Take any quantity that changes — your position on a road trip, water in a tank, money in an account — and draw it as a curve.

 value
   │                          ●  ← here, the curve is climbing fast
   │                    ╱
   │               ╱
   │           ╱
   │       ╱
   │   ╱  ← here, climbing slowly
   │ ╱
   └──────────────────────────── time

Standing in front of this curve, there are exactly two natural questions a person can ask:

  1. At this exact point — how steep is it? (How fast is the thing changing right here?)
  2. Across this whole stretch — how much is underneath? (How much has piled up in total?)

The first question, asked carefully, is differentiation. The second, asked carefully, is integration. Both questions are easy to ask and seem impossible to answer exactly — and calculus is nothing more than the honest way out of that "impossible."

Let's take them one at a time.


2. Differentiation, Part 1: The Honest Failure

Start with the simplest changing thing we can fully see: a curve where the output is the square of the input.

f(x)=x2f(x) = x^2

At x=3x = 3, the value is 99. The question: how fast is this curve rising at exactly x=3x = 3?

The schoolbook way to measure "how fast" is rise over run — pick two points, see how much you climbed, divide by how far you walked:

steepness=riserun=change in valuechange in input\text{steepness} = \frac{\text{rise}}{\text{run}} = \frac{\text{change in value}}{\text{change in input}}

But here is the trap. Rise-over-run needs two points. We are asking about one point. Use only the point x=3x=3 and you get:

riserun=00— meaningless.\frac{\text{rise}}{\text{run}} = \frac{0}{0} \quad \text{— meaningless.}

At a single frozen point, nothing rises and nothing runs. The question "how steep, right here?" looks unanswerable. Ordinary math has genuinely given up.

Note

This failure is not a technicality. It is the whole reason differentiation exists. If two points worked, we'd never have needed calculus. The entire invention is one clever way to ask a two-point question about a one-point place.


3. Differentiation, Part 2: The Sneak-Up

Here's the clever way. We can't use one point — fine. So we use two points, but we make the second one sneak closer and closer to the first, and we watch what the answer does.

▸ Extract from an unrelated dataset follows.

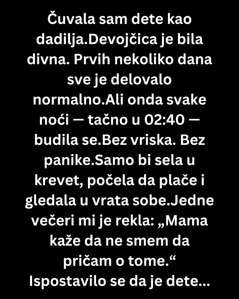 Devojčica je imala šest godina. Bila je nežna, pametna i previše tiha za svoje godine. Roditelji su mi rekli da je „malo osetljiva“ i da ponekad ima ružne snove. Nisam sumnjala u to — mnoga deca prolaze kroz takve faze. Prvih nekoliko dana sve je delovalo normalno, ali sam brzo primetila nešto čudno: svake noći, tačno u 02:40, budila se. Bez vriska i panike — samo bi sela u krevet, počela da plače i gledala u vrata sobe, kao da nešto očekuje ili se nečega boji.
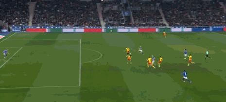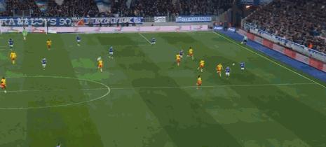 第11分鐘,恩西索射門,被朗斯門將用腿擋出

Second point at x=4x = 4? The curve goes from 99 to 1616:

16943=71=7\frac{16 - 9}{4 - 3} = \frac{7}{1} = 7

Too crude — that's the average steepness over a whole unit. Move closer. Then closer. Then closer:

from x=3x=3 to... rise run rise ÷ run
44 169=716 - 9 = 7 11 77
3.13.1 9.619=0.619.61 - 9 = 0.61 0.10.1 6.16.1
3.013.01 9.06019=0.06019.0601 - 9 = 0.0601 0.010.01 6.016.01
3.0013.001 0.0060010.006001 0.0010.001 6.0016.001
3.00013.0001 0.000600010.00060001 0.00010.0001 6.00016.0001

Now read that last column out loud: 7, 6.1, 6.01, 6.001, 6.00017,\ 6.1,\ 6.01,\ 6.001,\ 6.0001\ldots

The answer is walking straight toward 6 and slowing down right on its doorstep. It never gets to use the doorstep — at distance exactly zero we'd be back to the forbidden 0/00/0. But there is no doubt whatsoever about where it is heading.

Note

The steepness of x2x^2 at the point 33 is 6 — defined as the value the rise-over-run approaches as the second point slides home. That "value approached" is exactly the limit from the last chapter, doing the one job it was built for.

You just differentiated. No rule, no formula — a table, a pattern, and the honesty to say "I can't stand on the point, but I can see where the path leads."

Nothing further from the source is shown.